Something clicked for me during this speech. While Obama itemized a platform to make “change” more specific, it did not seem nearly as important as the philosophy and intellect that he would bring to the office.

And then I realized why I considered his experience just perfect for the job… Obama is like the CEO you would want to run a company in a dynamic growth industry, and McCain is the kind of Board member you’d want in a mature, dying industry to curry favors from bureaucrats and other cronies of the past.

In the information age, the great new businesses are often run by young, intelligent people lacking any serious business experience– Apple, Microsoft, HP, Dell, Oracle, Google (Actually, they were run by CEOs in their teens or early 20s.)

So too with relatively "inexperienced" political leaders like Kennedy and Lincoln (regarded by many as our best President). In rapidly changing environments, experience is often more of an albatross than an asset. Wisdom and experience can be a facade for a rigid, dogmatic, and thus brittle process of decision-making. In the information age, we need a process that is fluid, adaptive and thereby robust.
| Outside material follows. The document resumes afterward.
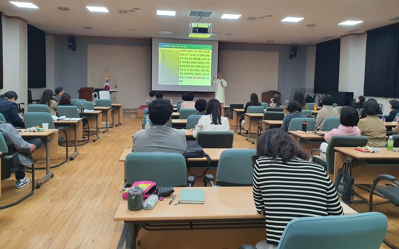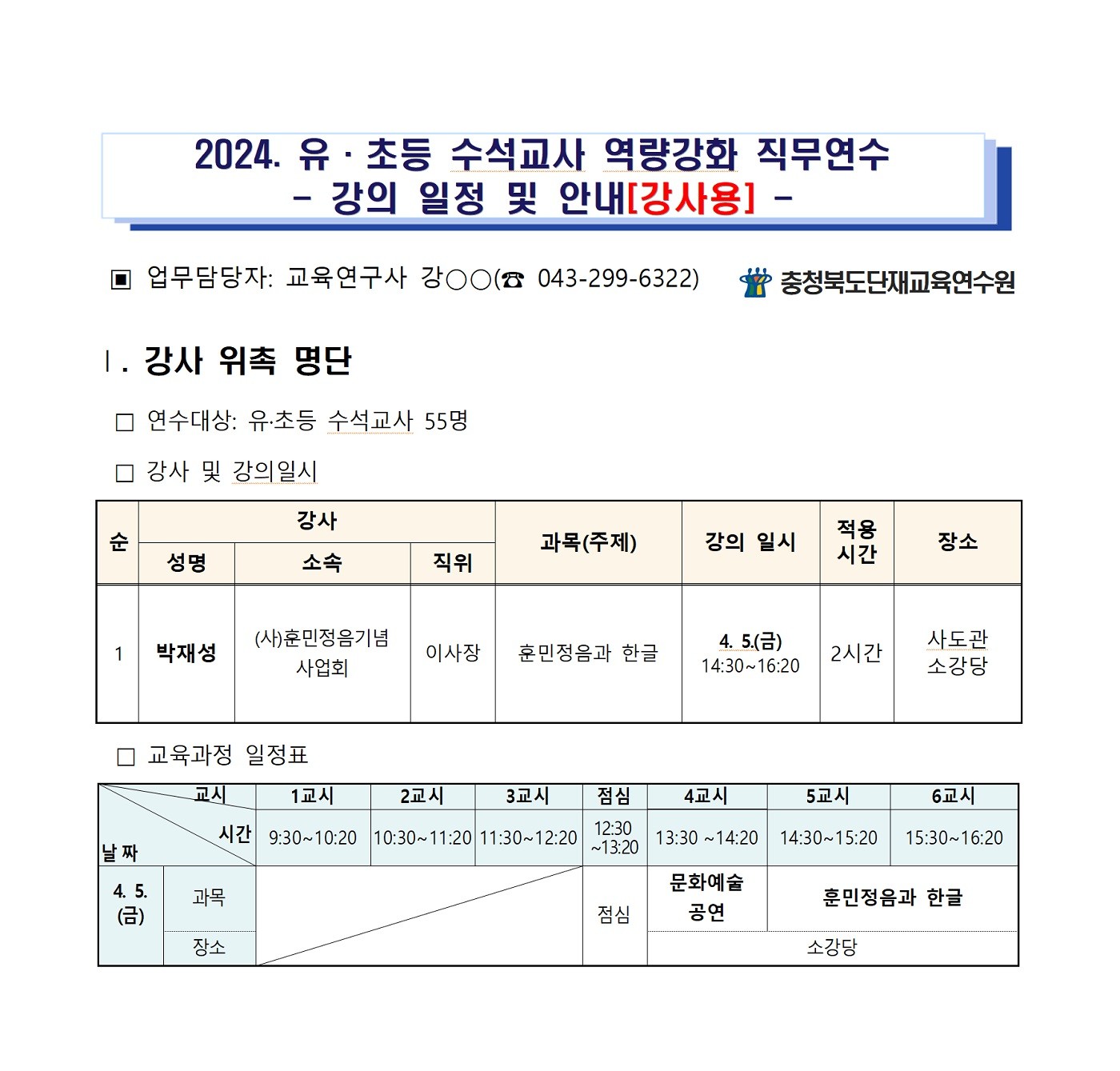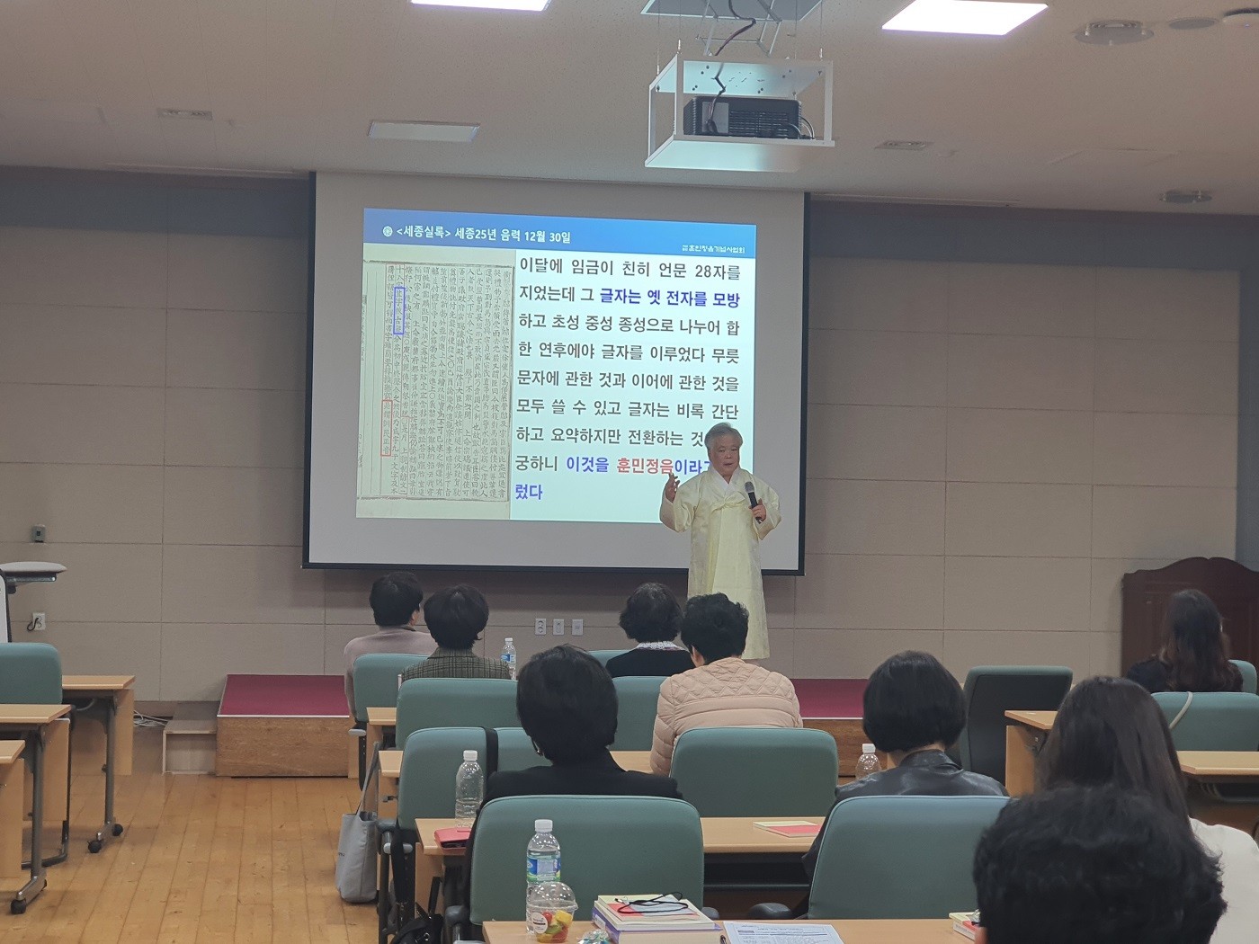 사단법인 훈민정음기념사업회 이사장 박재성 교육학박사는 충북 청주시 상당구 가덕면 교육원로 153-100에 위치한 단재교육연수원(본원)에서 실시된 2024. 유초등 수석교사 역량강화 직무연수에 특별강사로 초빙되어 '훈민정음과 한글'이라는 주제로 2024년 4월 5일(금) 오후 2시30분부터 4시20분까지 유초등 수석교사 55명을 대상으로 특강을 하였다. 세종실록을 근거로 훈민정음의 오해와 진실에 대해서 강의를 진행하면서 훈민정음기념탑 건립의 필요성에 대하여 역사적 사실(史實)을 바탕으로 역설하여 참석한 교사들로부터 뜨거운 호응을 받았다. 이날 박 이사장은 수강생 전원에게 특허받은 '2024년 훈민정음 달력'을 증정하여 훈민정음기념사업회를 알리는 것도 잊지 않았다.

Laying out a plan is a fine exercise, but long-term business plans are increasingly irrelevant. Remember when Japanese corporations proclaimed 100 year plans... Silicon Valley execs just chuckled. In a static industry, plans and platforms are important. In the modern era, process is more important than platform, and you want a leader that can adapt and even capitalize on rare events that increasingly define our world (aka Black Swans).

Nobody voted for Bush – or Giulani in New York – because of their campaign promises about how they would deal with the 9/11 that had not happened yet.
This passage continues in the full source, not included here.